**ASSIGNMENT**
Quote all of the data exactly as given. Skip every picture it contains.

**SOURCE DATA**
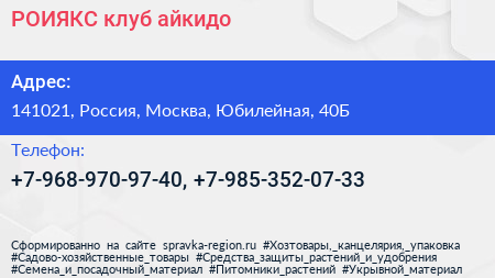 РОИЯКС, клуб айкидо по адресу 141021, Россия, Москва, Юбилейная, 40Б в дальнейшем Организация, размещена в следующих категориях:
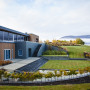 So he wrapped the house with sculptural forms of lawn, grasses, retaining walls and the creek, which terminates in a curved pond animated by low waterfalls.
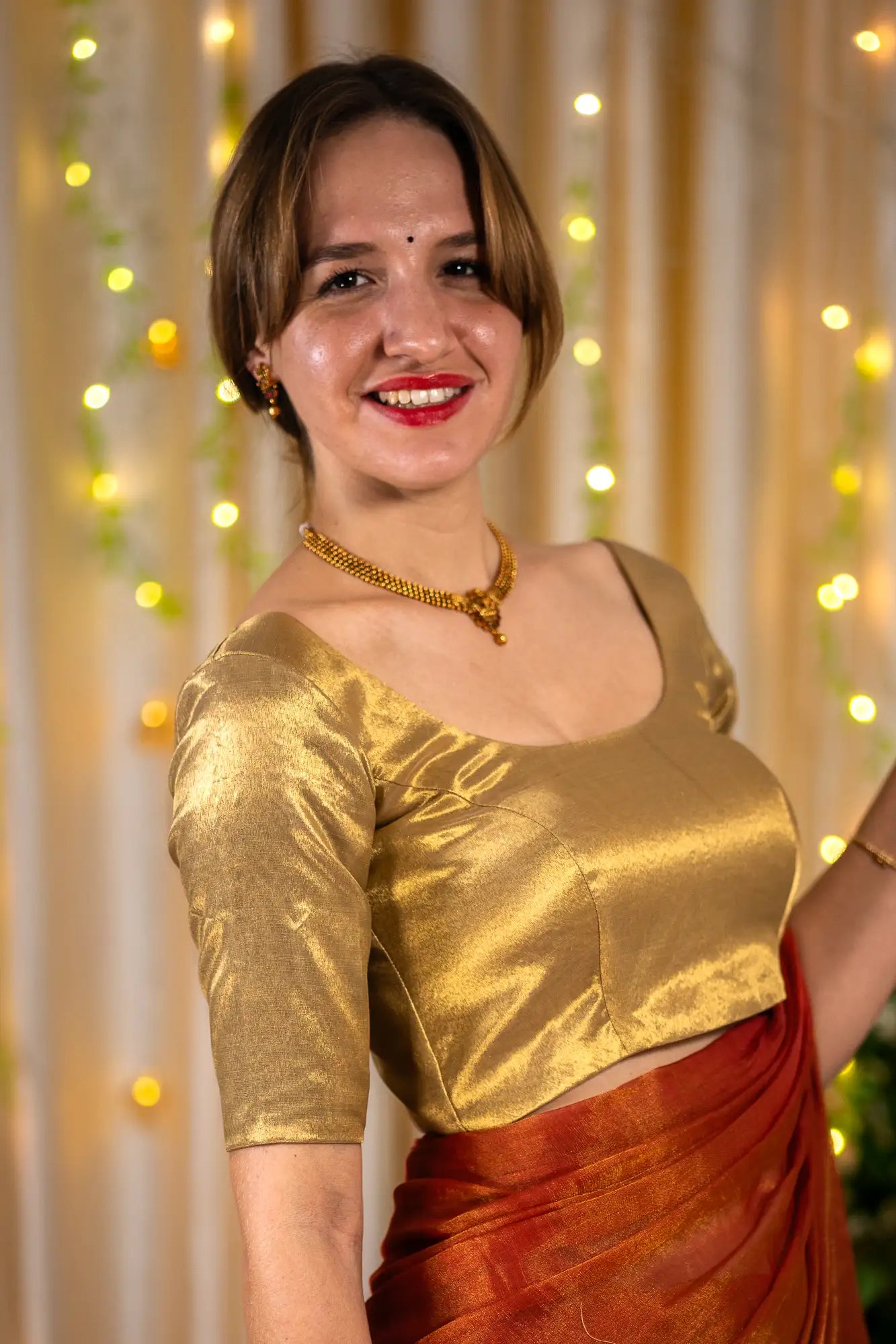 Prepare to captivate hearts with its resplendent antique golden hue, radiating an air of unparalleled elegance and sophistication. The inclusion of full sleeves adds a touch of graceful allure, granting you the sensation of being a true queen. The use of high-quality tissue fabric ensures utmost comfort while enhancing your overall appearance.

**TASK SOLUTION**
 РОИЯКС, клуб айкидо по адресу 141021, Россия, Москва, Юбилейная, 40Б в дальнейшем Организация, размещена в следующих категориях:
 So he wrapped the house with sculptural forms of lawn, grasses, retaining walls and the creek, which terminates in a curved pond animated by low waterfalls.
 Prepare to captivate hearts with its resplendent antique golden hue, radiating an air of unparalleled elegance and sophistication. The inclusion of full sleeves adds a touch of graceful allure, granting you the sensation of being a true queen. The use of high-quality tissue fabric ensures utmost comfort while enhancing your overall appearance.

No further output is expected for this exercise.